Wen Jiabao, China's premier, has arrived in the UK for a visit focused on boosting economic ties, on the second leg of a three-nation tour in which Beijing is seeking a greater foothold in Europe.
Reports suggest China and Britain are expected to announce more than $1.5bn worth of deals across many industries during Wen's visit.
On Sunday he visited the Longbridge car factory, a plant now owned by China's Shanghai Automotive Industry Corporation.

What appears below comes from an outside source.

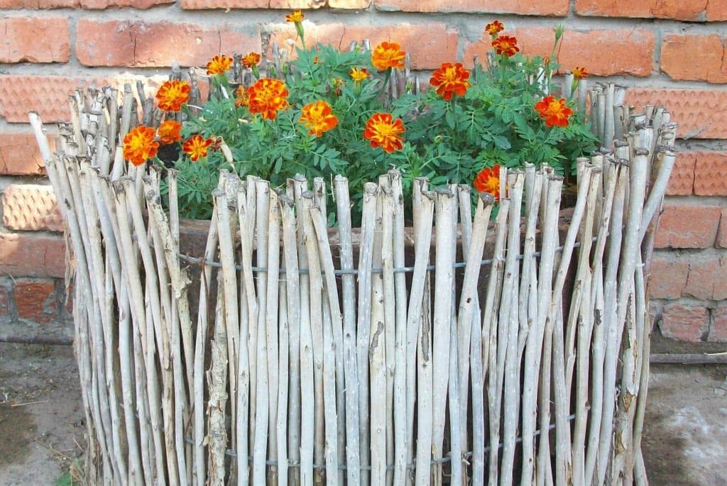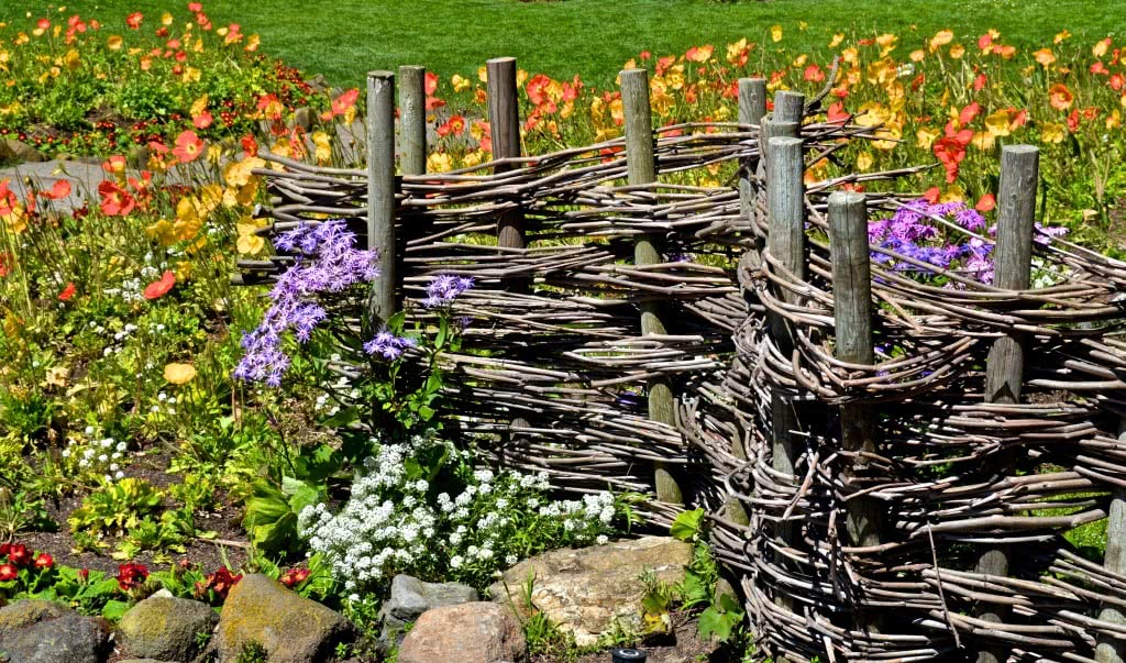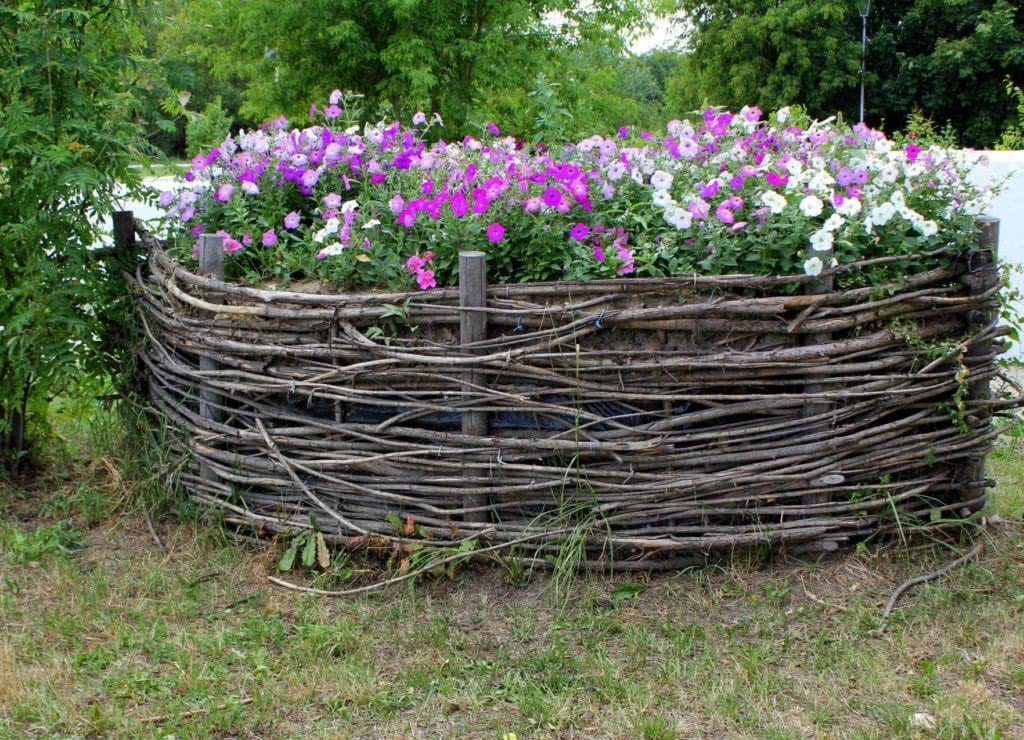 Кстати, можно совместить плетень-забор и основание для клумбы. Такая клумба хороша в местах, где земля малопригодна для выращивания цветов — глина, камни или строительный мусор. Сделайте невысокую стенку из плетня вокруг этой площадки, заполните ее сначала щебнем и песком в случае с глинистыми почвами, а сверху покройте слоем плодородной земли.
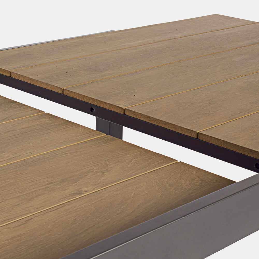 Estructura de aluminio pintado en polvo (poliéster). Tablero en polywood (material compuesto con apariencia similar a la madera) 90% poliestireno 10% sbs color teca. Extensión retráctil. Tornillos de acero galvanizado. Piernas para montar.

A small group of Free Tibet protesters stage a demonstration outside the factory.
Wen also toured the historic town of Stratford-upon-Avon, the birthplace of writer William Shakespeare, where watched a brief performance of one of his works.
"I think it is fair to say that the Chinese people know the UK pretty well and I hope that more and more British
people will know better about China," he told reporters after the performance.
On Monday, he will take part in an annual UK-China Summit, which will also be attended by UK Prime Minister David Cameron, along with Foreign Minister William Hague and Finance Minister George Osborne.
The two world powers, both permanent members of the UN Security Council, are also expected to discuss the ongoing uprisings across the Arab world, including the conflict in Libya.
Wen's Europe trip focuses on offering reassurance to struggling economies which are important markets for Chinese goods.
In Hungary on Saturday, Wen announced that China would be purchasing government bonds and extending a $1.4bn credit to the country.
Wen arrived at Birmingham Airport in central England late on Saturday on a flight from Budapest, he will end his tour in Germany.
Human rights controversies
London considers China an important partner and will be seeking to boost both economic and political ties.
But Wen's visit also takes place amid continuing international criticism of China over its human rights record.
The Chinese premier is on a working tour across Europe
China released two prominent political activists, Hu Jia and Ai WeiWei, in the days before Wen's trip, but analysts said the timing of their release was not necessarily linked to the visit.
Previous visits by Chinese leaders to the UK have been clouded by protests over China's human rights record.
When the Olympic flame was brought to London as part of a global tour to promote the 2008 Beijing Games, it was met by massive demonstrations by pro-Tibetan activists and rights campaigners.
After coming to power last year, Britain’s Conservative-Liberal Democrat coalition government has made trade a priority, especially with emerging giants like China.
Cameron travelled to China with Britain's largest-ever delegation of business leaders and ministers in November to take trade relations "to a new level" and a number of big trade deals were sealed.
Cameron then urged China to introduce greater political and press freedoms, saying it would ensure social stability and economic growth. However human rights advocates accused the prime minister of being too soft in his political criticism as he prioritised trade ties.